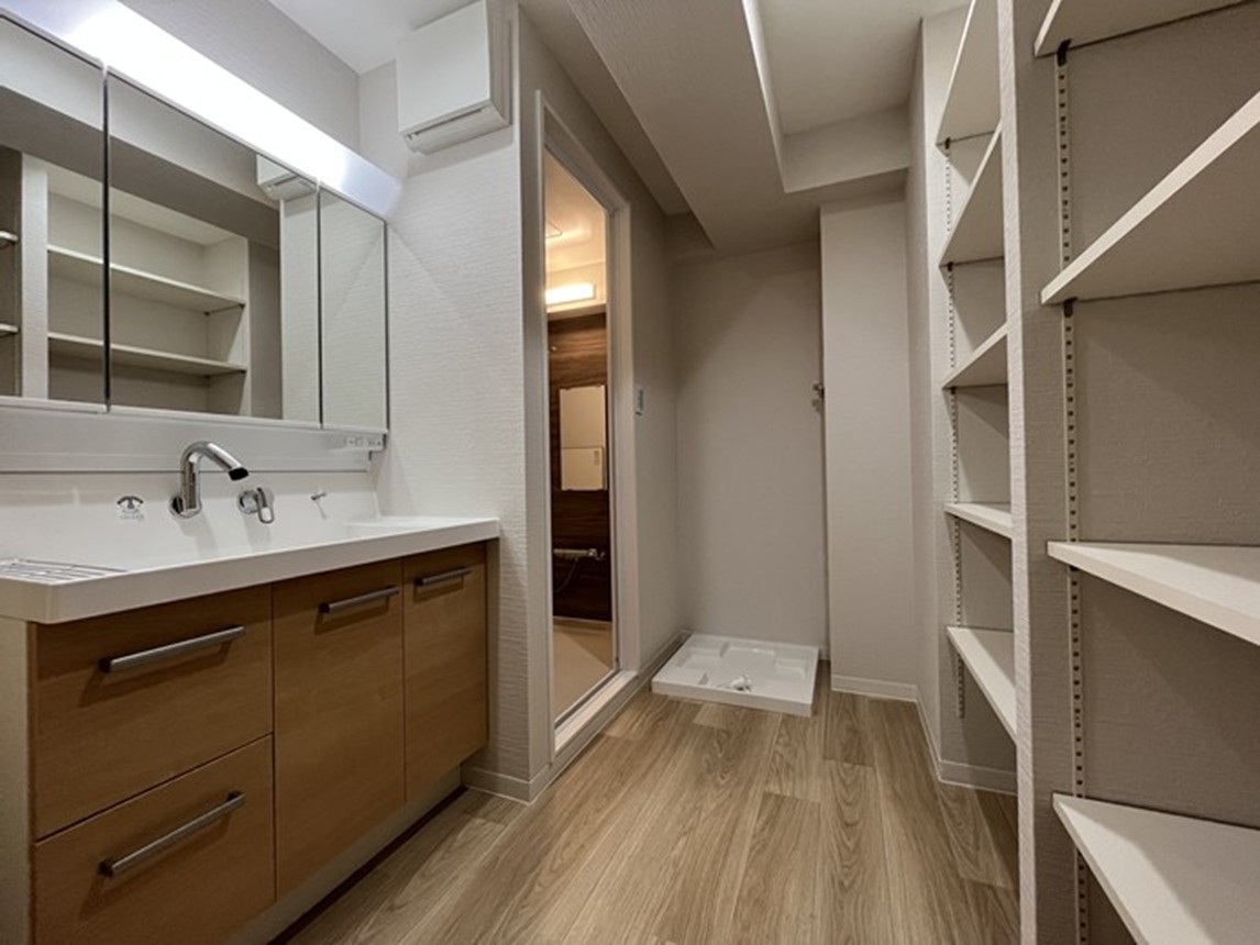 洗面室は面積を少し広げた上で、扉のないオープン収納をご提案して、使いやすさを追求。家事のしやすい空間に生まれ変わりました。
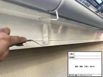 破風・雨樋下塗り施工中
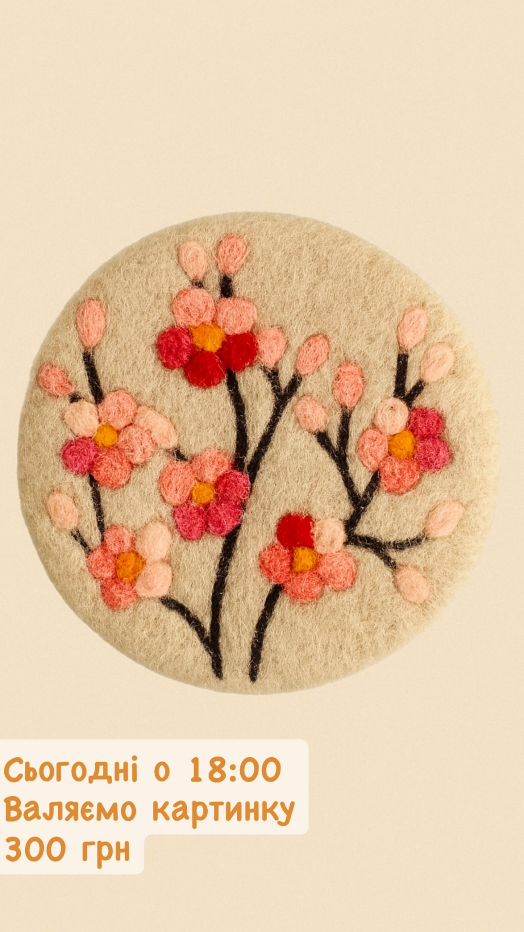 Запрошуємо на майстер-клас з валяння картини "Квіти на гілочках".
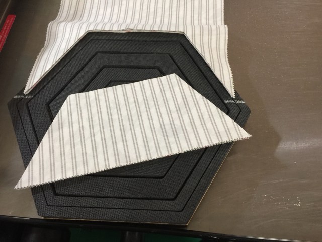 I grabbed my nested Accuquilt hexagon dies and made marks with a silver sharpie 4 inches from the top edge of one. I lined up ten layer cake squares on these marks and ran them through my die cutter.
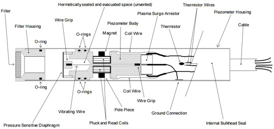The osmometer is buried inside the dam body, and the sensor cable is pulled to the observation room outside the nearby dam body. The schematic diagram of burial of typical osmometer (DB-C-P-35) and cable traction is shown in Figure 4.
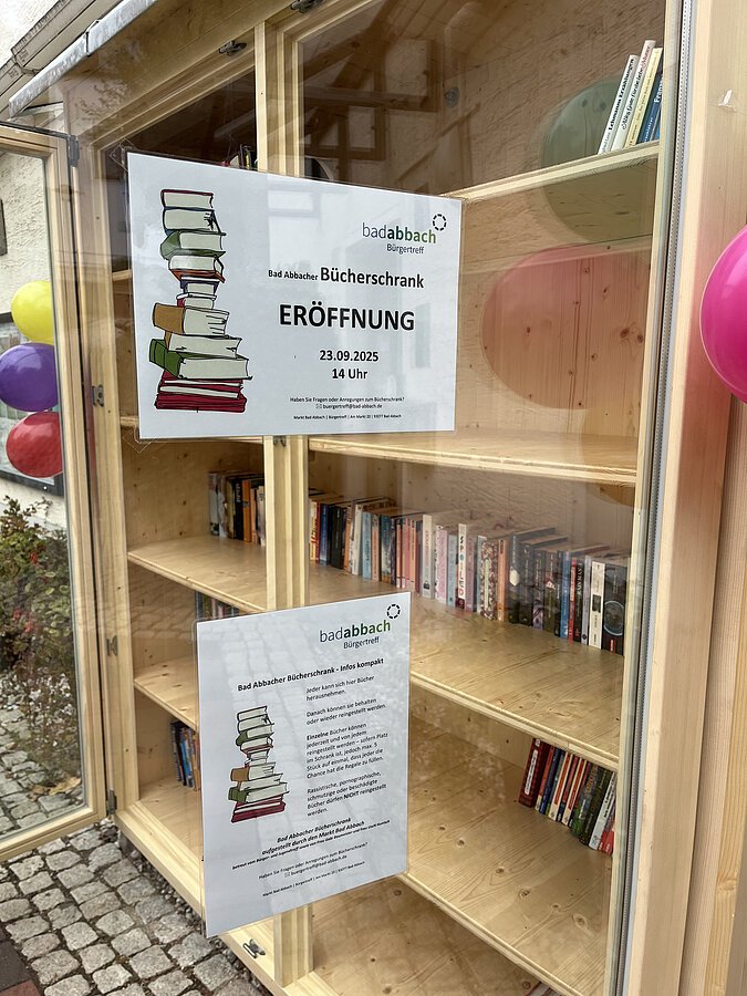 Nach Überlegungen seitens der Verwaltung und einem Antrag in der Bürgerversammlung im letzten Jahr, war es am Dienstag, den 23. September 2025 soweit – der erste Bad Abbacher Bücherschrank wurde in kleinem Rahmen eröffnet.
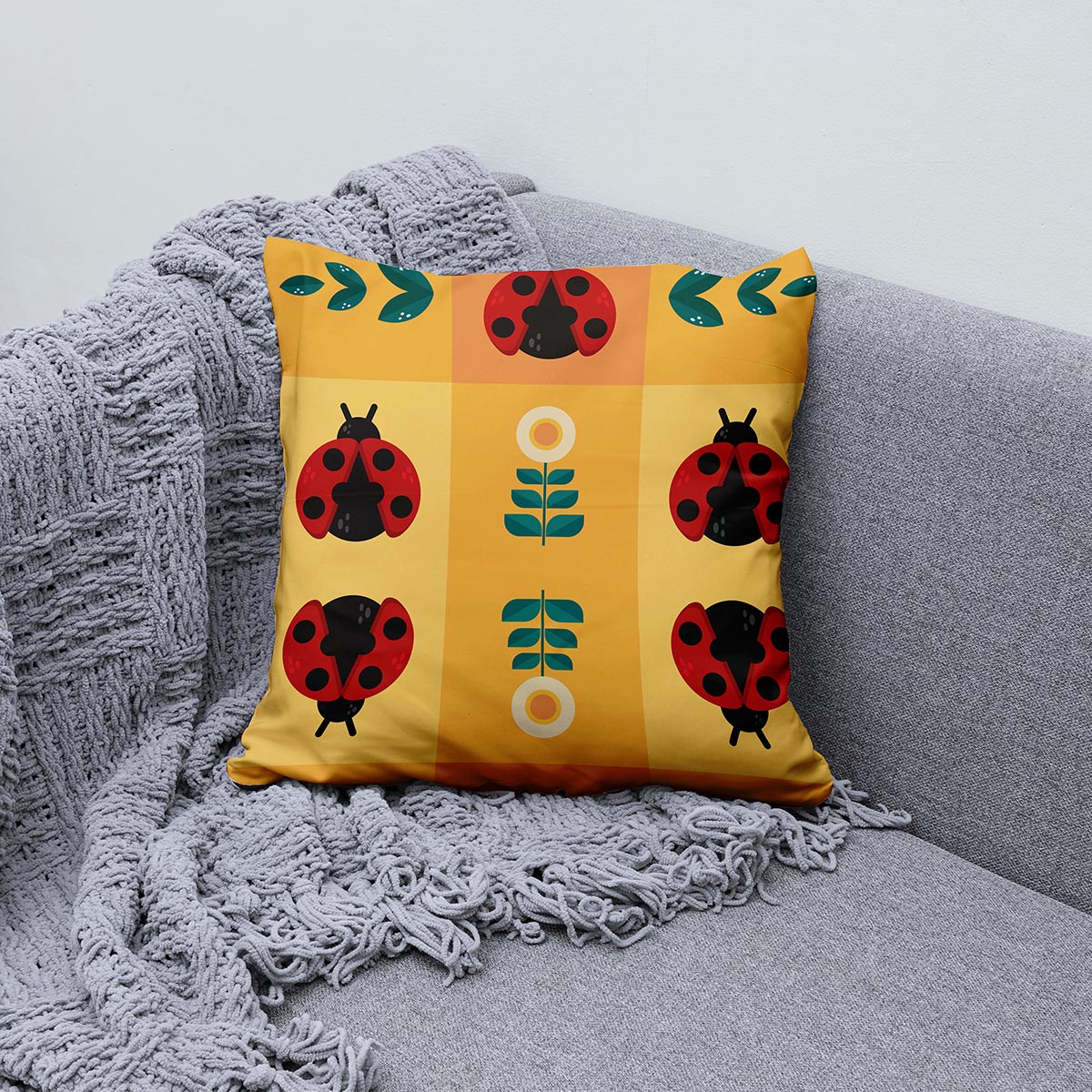 Poduszka dekoracyjna na kanapę – biedronki i kwiaty w kratce
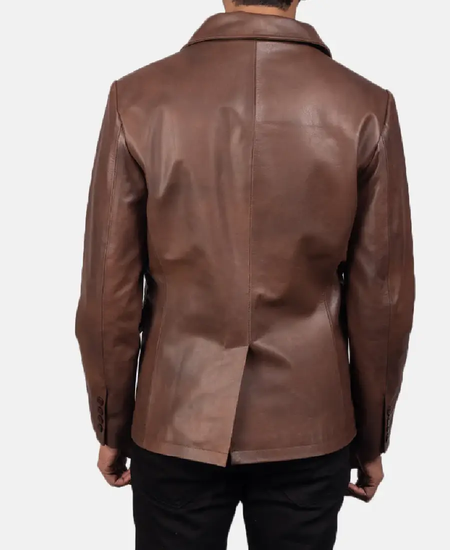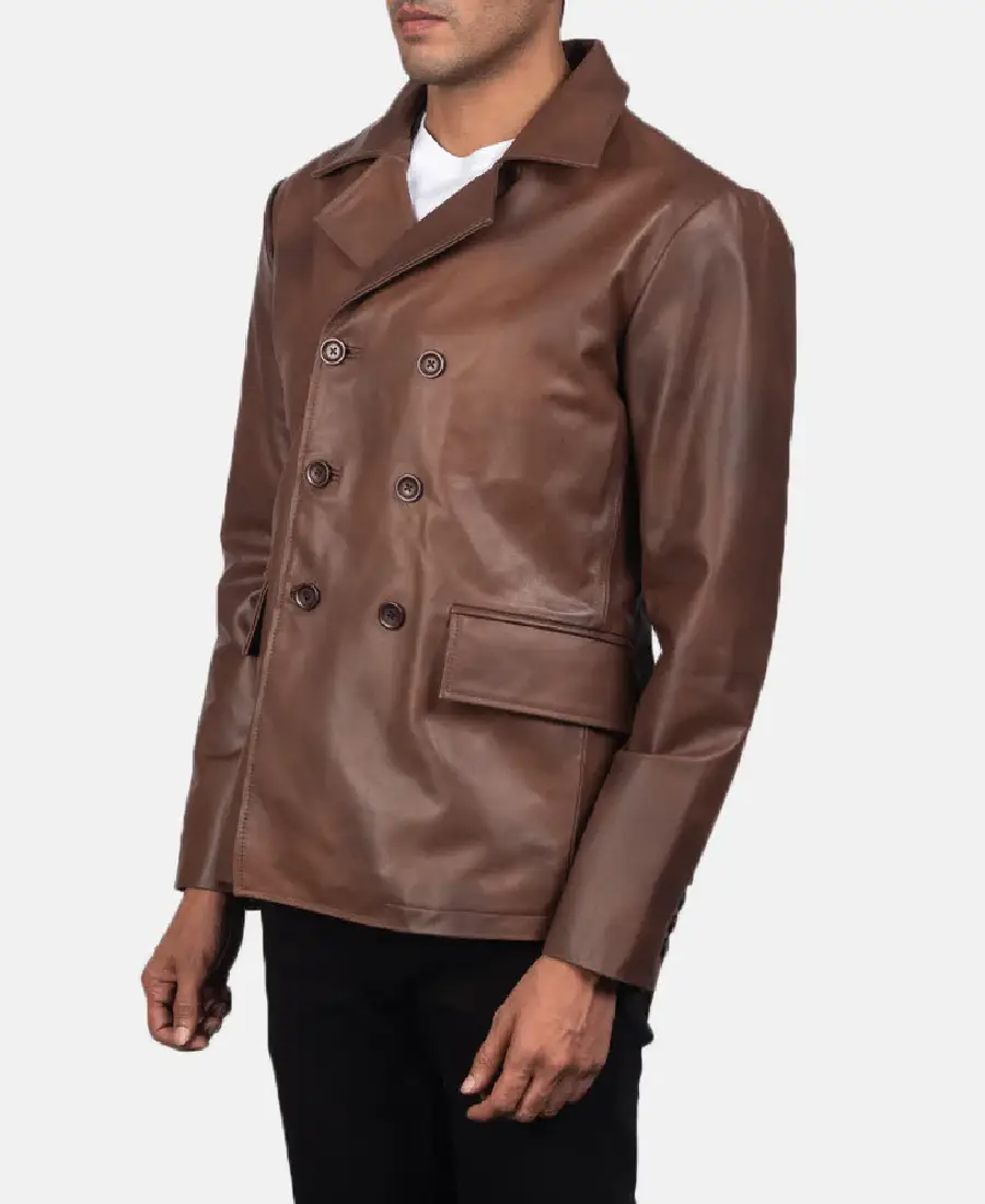 Men Bailey Brown Leather Peacoat

⁂

Problem -
Only the lines from the one holding "破風・雨樋下塗り施工中" to the last line of the entries above should be printed, exactly as they appear and with no pictures.

Exercise answer -
 破風・雨樋下塗り施工中
 Запрошуємо на майстер-клас з валяння картини "Квіти на гілочках".
 I grabbed my nested Accuquilt hexagon dies and made marks with a silver sharpie 4 inches from the top edge of one. I lined up ten layer cake squares on these marks and ran them through my die cutter.
The osmometer is buried inside the dam body, and the sensor cable is pulled to the observation room outside the nearby dam body. The schematic diagram of burial of typical osmometer (DB-C-P-35) and cable traction is shown in Figure 4.
 Nach Überlegungen seitens der Verwaltung und einem Antrag in der Bürgerversammlung im letzten Jahr, war es am Dienstag, den 23. September 2025 soweit – der erste Bad Abbacher Bücherschrank wurde in kleinem Rahmen eröffnet.
 Poduszka dekoracyjna na kanapę – biedronki i kwiaty w kratce
 Men Bailey Brown Leather Peacoat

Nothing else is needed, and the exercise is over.